The cut filter can select columns from files, depending on a delimiter or a count of bytes. The screenshot below uses cut to filter for the
username and userid in the /etc/passwd file. It uses the colon as a delimiter, and selects fields 1 and 3.

$ cut -d: -f1,3 /etc/passwd | tail -4

Figo:510
Pfaff:511
Harry:516
Hermione:517
$

When using a space as the delimiter for cut, you have to quote the space.

$ cut -d" " -f1 tennis.txt

Amelie
Kim
Justine
Serena
Venus
$

This example uses cut to display the second to the seventh character of /etc/passwd.

$ cut -c2-7 /etc/passwd | tail -4

igo:x:
faff:x
arry:x
ermion
$

© Yuriy Shamshin, 2021 20/31

You can translate characters with tr. The screenshot shows the translation of all occurrences of e to E.

$ cat tennis.txt | tr 'e' 'E'

AmEliE MaurEsmo, Fra
Kim ClijstErs, BEL
JustinE HEnin, BEl
SErEna Williams, usa
VEnus Williams, USA

Here we set all letters to uppercase by defining two ranges.
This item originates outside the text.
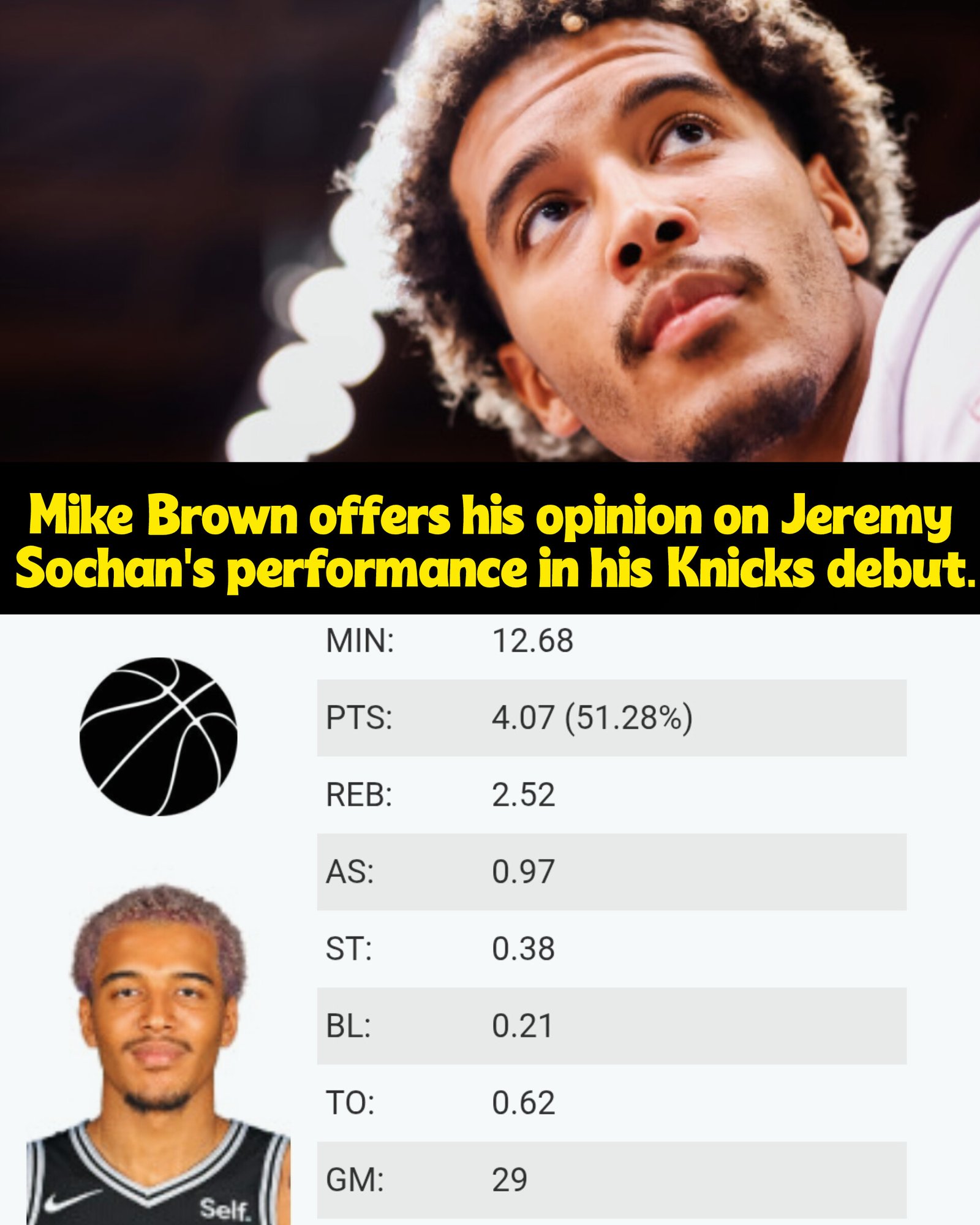 Mike Brown offered his early assessment of Jeremy Sochan following the forward’s first appearance with the New York Knicks.

$ cat tennis.txt | tr 'a-z' 'A-Z'

AMELIE MAURESMO, FRA
KIM CLIJSTERS, BEL
JUSTINE HENIN, BEL
SERENA WILLIAMS, USA
VENUS WILLIAMS, USA

Here we translate all newlines to spaces.

$ cat count.txt
one
two
three
four
five
$ cat count.txt | tr '\n' ' '
one two three four five
$

© Yuriy Shamshin, 2021 21/31

The tr -s filter can also be used to squeeze multiple occurrences of a character to one.

$ cat spaces.txt
one two three
four five six
$ cat spaces.txt | tr -s ' '
one two three
four five six
$

You can also use tr to 'encrypt' texts with rot13.

$ cat count.txt | tr 'a-z' 'nopqrstuvwxyzabcdefghijklm'

or
$ cat count.txt | tr 'a-z' 'n-za-m'
bar
gjb
guerr
sbhe
svir
$

This last example uses tr -d to delete characters.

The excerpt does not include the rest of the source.